We have a star schema data warehouse running on MySQL 5.6. We keep a rolling 18 months of data in our fact tables using partitions by month. We have a number of dynamic dimension tables that are referenced by multiple fact tables. However, we have no easy way to remove the rows from dimension tables that are no longer referenced by any fact table. Quick summary looks like this:

dim_url - 1B rows - 360GB
fact_ranks - 2.3B rows - 240GB
fact_seen - 2.8B rows - 295GB

Currently we are attempting to use a combination of Percona Archiver and triggers to generate "used dimension keys" tables, so we can do the process online. We then use the key table to build a new dimension that only has referenced rows. However, we have been unable to complete this process in production and estimate it could take up to a month.

This has to be a common problem with a more elegant solution.

Best Answer

(Normally, I would say "don't bother". But I see that your Dim table is nearly as big as the Fact table. Hmmmm... Perhaps it was unwise to even have the Dim table?? Think about that.)

For building the Used table (and assuming a Trigger handles incoming Inserts):

From the Fact table, build a list of useful values (Used). Do this one chunk at a time, say, 1000 rows, as determined by the PRIMARY KEY. This list goes into an extra table, Used. One transaction per chunk. De-dup and add a PK. See my comments on chunking.
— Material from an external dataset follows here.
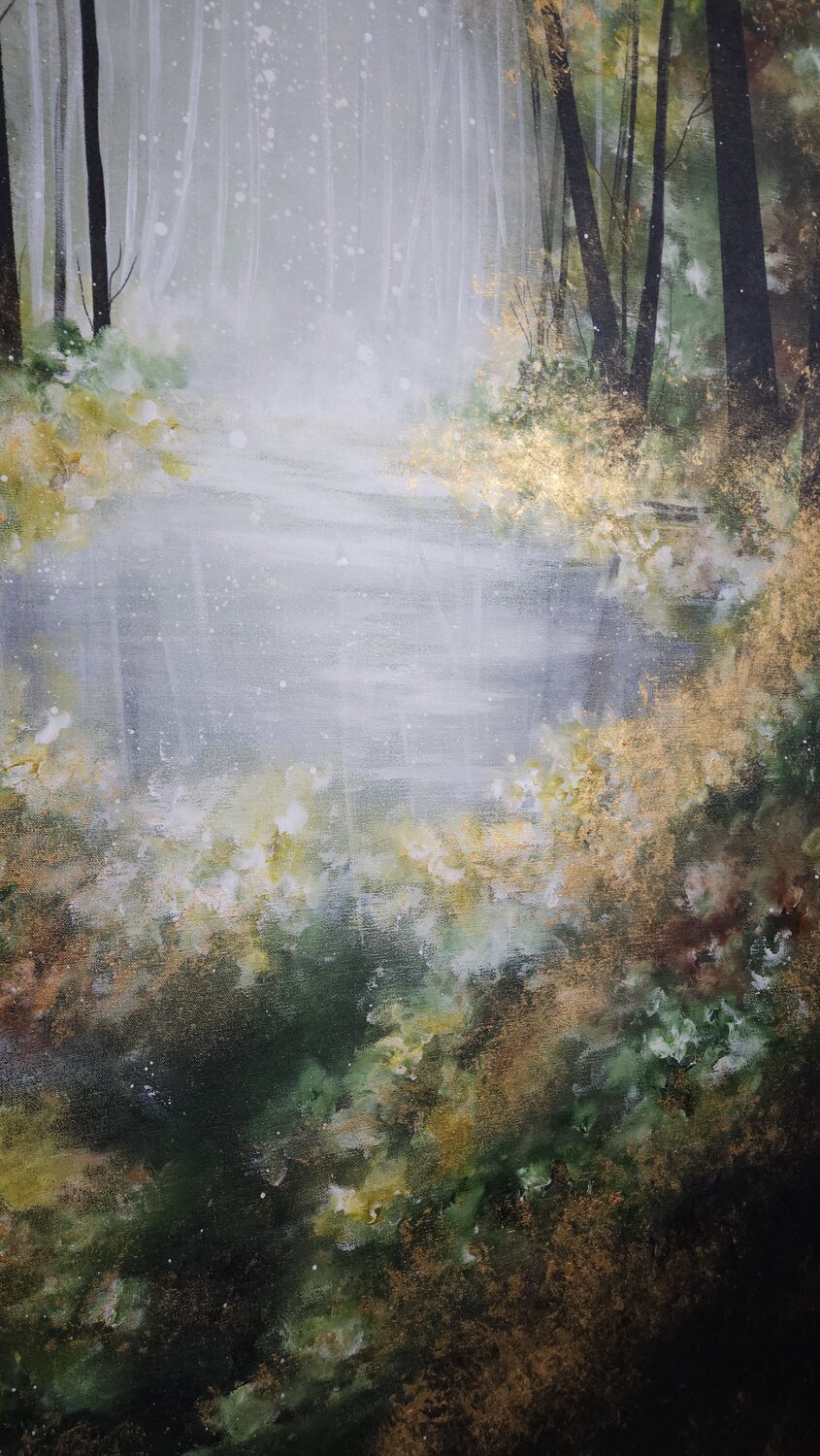 In diesem Werk wollte ich den goldenen Moment „Erleuchte meinen Weg“ darstellen. Die dunklen Bäume bilden einen markanten Kontrast zum Lichteinfall aus der Mitte. Die Atmosphäre ist mystisch und zugleich friedvoll und weckt ein tiefes Gefühl der Hoffnung. Ich habe kräftige Farben und starke Kontraste verwendet, um dieses emotionale Erlebnis zu verstärken. Gold und glänzender Lack.

Now, walk through the Dim table, perhaps only 100 rows at a time, and do a multi-table delete, using LEFT JOIN Used ... WHERE ... IS NULL to determine what is not needed.

Be cautious -- the DELETE and the TRIGGER may step on each other. That is, there may be deadlocks necessitating re-execution. But 100 rows at a time should keep that at a nice balance between minimizing deadlocks and maximizing speed. One transaction per chunk.

Yes, it will take time -- both for the discovery of Used and for the DELETEs. But it should not matter. Everything else is humming along, with only very rare and brief interference.

I guess the TRIGGER would need to insert into Used when a row is inserted into Dim.